• [Data extract]:

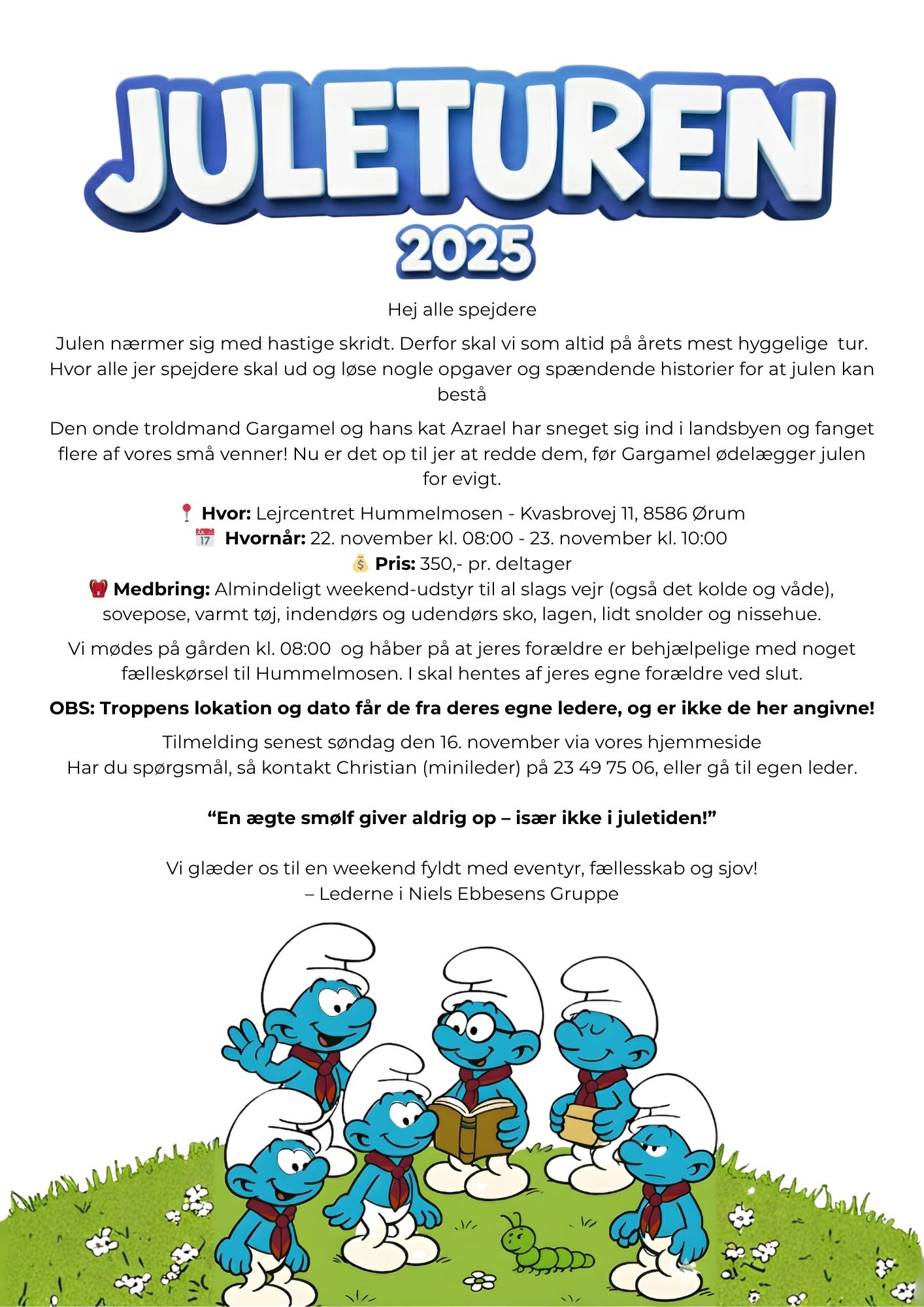 I må meget gerne gå ind på hjemmesiden og tilmelde jer ledertilmelding, så vi ved hvor mange der skal købes mad til, og hvor mange hænder der er i løbet af weekenden. Også selvom I kun kommer noget af weekenden, vil vi rigtig gerne have I tilmelder jer. https://www.nielsebbesensgruppe.dk/begivenhed/juleturen-2025
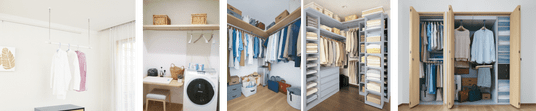ウォークインクローゼットは、天棚とハンガーパイプで構成したシンプルなタイプと、さらに収納棚と引き出しを充実させたタイプをご用意しております。人気のシステムクローゼットでは、奥行きを有効活用する「スライドハンガー」や、上下2段式で収納できる「ダブルハンガー」、「小物入れ」「衣装ケース」などが備わっており、ハンガーにたっぷり衣服をかけられるので、たたむ手間も少なく、衣替えの手間も軽減。廊下や洗面脱衣室に併設し、ご家族共用の収納として使用する方も多くいらっしゃいます。
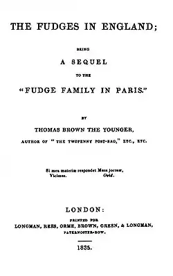 The Fudges in England is an 1835 sequel to Thomas Moore's 1818 work The Fudge Family in Paris, which had depicted the visit of the fictional British Fudge Family to Paris, where the daughter Biddy had fallen in love with a young man whom she had taken to be the King of Prussia but was in fact a draper. The original work was extremely popular and Moore had received requests to write a follow-up. He began working on The Fudge Family In Italy, but abandoned it and it wasn't until seventeen years after the original that the sequel was released.
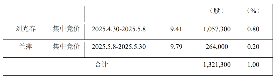 华骐环保2025年3月25日披露了《关于控股股东的一致行动人减持计划的预披露公告》,公司控股股东的一致行动人刘光春、兰萍出具了《关于股份减持计划的告知函》。持有公司股份3,346,426股(占本公司总股本比例2.53%)的股东刘光春和持有公司股份264,000股(占本公司总股本比例0.20%)的股东兰萍计划自减持计划公告披露之日起15个交易日后的3个月内以集中竞价交易方式合计减持本公司股份不超过1,321,300股,即减持比例不超过公司总股本的1%。通过集中竞价交易方式减持,在任意连续90个自然日内减持股份数量不超过公司股份总数的1%。
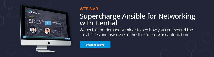 Many enterprises today are strategizing on how to implement network automation and reduce the time to complete typical network activities as they transition towards a software-defined “modern network.” This is why at Itential, we’re on a mission to provide integrated network automation solutions that are not only powerful, but easy to use and flexible enough to address networks of any type. While Ansible is a fantastic tool with a firm foundation in the IT automation space and expanding to include network automation capabilities, Itential has taken network automation with Ansible to the next level, making it even easier for network engineers to accelerate automation activities.
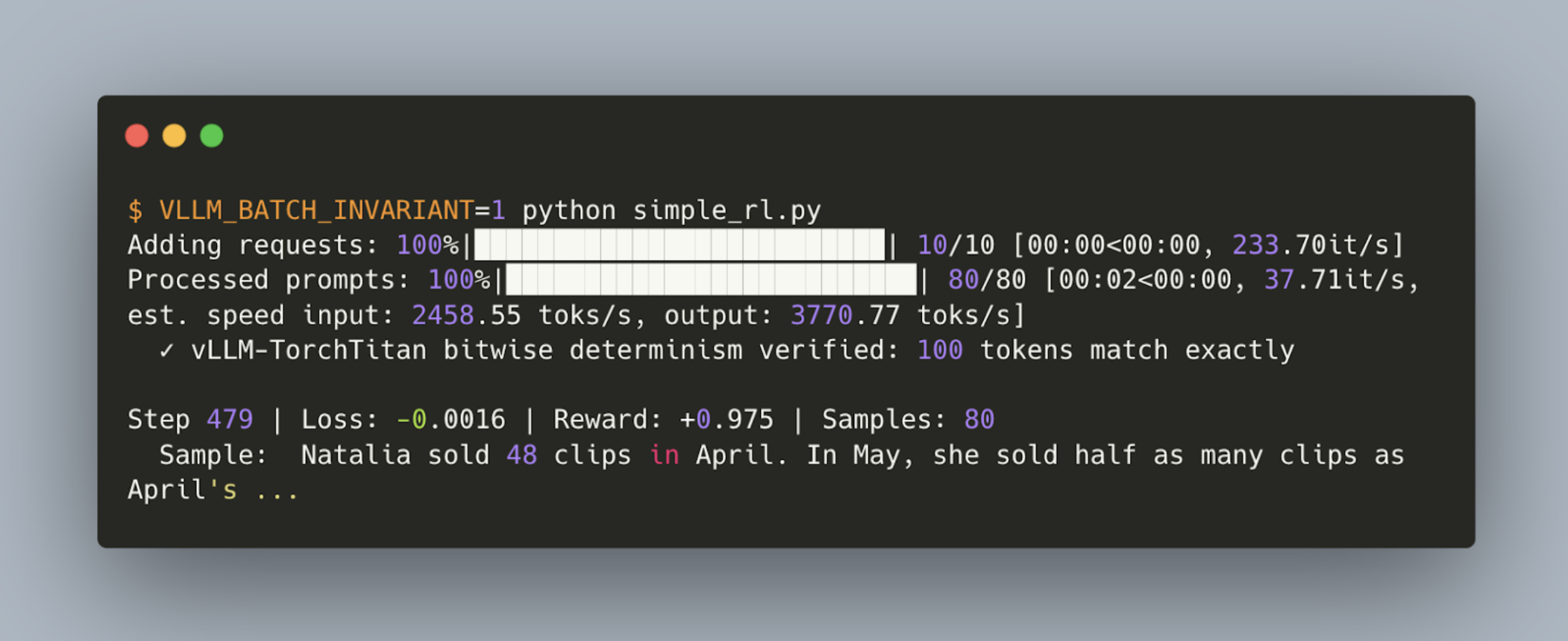 我们展示了一个开源的、比特级一致的同策略(on-policy)强化学习运行流程,其中使用 TorchTitan 作为训练引擎,vLLM 作为推理引擎。基于 vLLM 近期在批处理不变性推理方面的工作,我们在我们开源的指南中展示了如何对 Qwen3 1.7B 进行强化学习微调,并实现训练和推理数值上的比特级匹配。

• [Instructions for the task]:
Output the material word for word, omitting its pictures.

• [The answer]:
 I må meget gerne gå ind på hjemmesiden og tilmelde jer ledertilmelding, så vi ved hvor mange der skal købes mad til, og hvor mange hænder der er i løbet af weekenden. Også selvom I kun kommer noget af weekenden, vil vi rigtig gerne have I tilmelder jer. https://www.nielsebbesensgruppe.dk/begivenhed/juleturen-2025
ウォークインクローゼットは、天棚とハンガーパイプで構成したシンプルなタイプと、さらに収納棚と引き出しを充実させたタイプをご用意しております。人気のシステムクローゼットでは、奥行きを有効活用する「スライドハンガー」や、上下2段式で収納できる「ダブルハンガー」、「小物入れ」「衣装ケース」などが備わっており、ハンガーにたっぷり衣服をかけられるので、たたむ手間も少なく、衣替えの手間も軽減。廊下や洗面脱衣室に併設し、ご家族共用の収納として使用する方も多くいらっしゃいます。
 The Fudges in England is an 1835 sequel to Thomas Moore's 1818 work The Fudge Family in Paris, which had depicted the visit of the fictional British Fudge Family to Paris, where the daughter Biddy had fallen in love with a young man whom she had taken to be the King of Prussia but was in fact a draper. The original work was extremely popular and Moore had received requests to write a follow-up. He began working on The Fudge Family In Italy, but abandoned it and it wasn't until seventeen years after the original that the sequel was released.
 华骐环保2025年3月25日披露了《关于控股股东的一致行动人减持计划的预披露公告》,公司控股股东的一致行动人刘光春、兰萍出具了《关于股份减持计划的告知函》。持有公司股份3,346,426股(占本公司总股本比例2.53%)的股东刘光春和持有公司股份264,000股(占本公司总股本比例0.20%)的股东兰萍计划自减持计划公告披露之日起15个交易日后的3个月内以集中竞价交易方式合计减持本公司股份不超过1,321,300股,即减持比例不超过公司总股本的1%。通过集中竞价交易方式减持,在任意连续90个自然日内减持股份数量不超过公司股份总数的1%。
 Many enterprises today are strategizing on how to implement network automation and reduce the time to complete typical network activities as they transition towards a software-defined “modern network.” This is why at Itential, we’re on a mission to provide integrated network automation solutions that are not only powerful, but easy to use and flexible enough to address networks of any type. While Ansible is a fantastic tool with a firm foundation in the IT automation space and expanding to include network automation capabilities, Itential has taken network automation with Ansible to the next level, making it even easier for network engineers to accelerate automation activities.
 我们展示了一个开源的、比特级一致的同策略(on-policy)强化学习运行流程,其中使用 TorchTitan 作为训练引擎,vLLM 作为推理引擎。基于 vLLM 近期在批处理不变性推理方面的工作,我们在我们开源的指南中展示了如何对 Qwen3 1.7B 进行强化学习微调,并实现训练和推理数值上的比特级匹配。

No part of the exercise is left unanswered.